I am trying to understand the proof of theorem 2.1 from this paper:

Ross, Stéphane, and Drew Bagnell. "Efficient reductions for imitation learning." Proceedings of the thirteenth international conference on artificial intelligence and statistics. 2010.

The cost-to-go is given as

$$J(\pi) = \sum_{t=1}^{T}\mathbb{E}_{s\,\sim\, d^t_{\pi}(s)}\left[C_\pi(s)\right].$$

In the paper they use $\hat{\pi}=\pi$ for the learned policy and $\pi^*$ for the expert policy.
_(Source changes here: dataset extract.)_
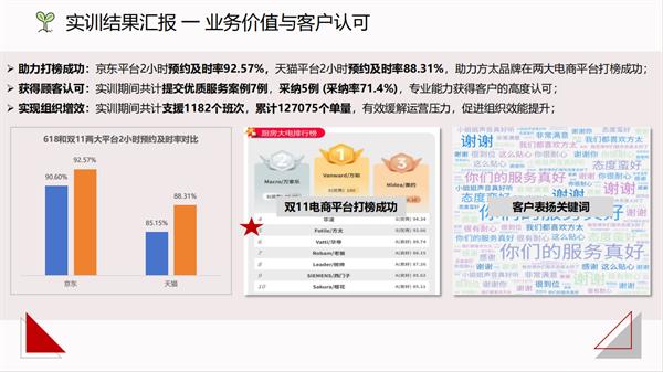 汤文杰主管带来的实训结果汇报堪称“干货炸弹”:本次实践班预约及时率92.57% ,支援1182个班次,累计12.7万单量,一组组鲜活数据,不仅见证了同学们从“课堂萌新”到“客服能手”的蜕变,更彰显了“真题真做”模式的超强赋能效果。
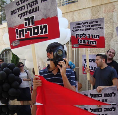 חברי הפורום הפגינו אתמול (ראו תמונה לעיל) מול ביתו של יו"ר הוועדה, איתן שישנסקי, בירושלים, מצויידים במסיכות גז, דגלי מצרים ושלטים בנוסח: "פגעתם בצה"ל ועכשיו אתם נלחמים למען הגז הערבי", ו"ועדת ששנסקי זה מסריח".

In the derivation they write

$$J(\pi)\leq \sum_{t=1}^{T}\{ p_{t-1}\mathbb{E}_{s\, \sim \, d_t(s)}\left[C_\pi(s) \right]+(1-p_{t-1})\}$$ $$\leq \sum_{t=1}^{T}\{ p_{t-1}\mathbb{E}_{s\, \sim \, d_t(s)}\left[C_{\pi^*}(s) \right]+p_{t-1}{\ell_t(s,\pi)}+(1-p_{t-1})\},$$

in which $p_{t-1}$ is the probability of not not making an error with policy $\pi$ up to the time $t-1$. And $\ell$ is the surrogate 0-1 loss.

The following steps are easy to follow, but how did they come up with these steps?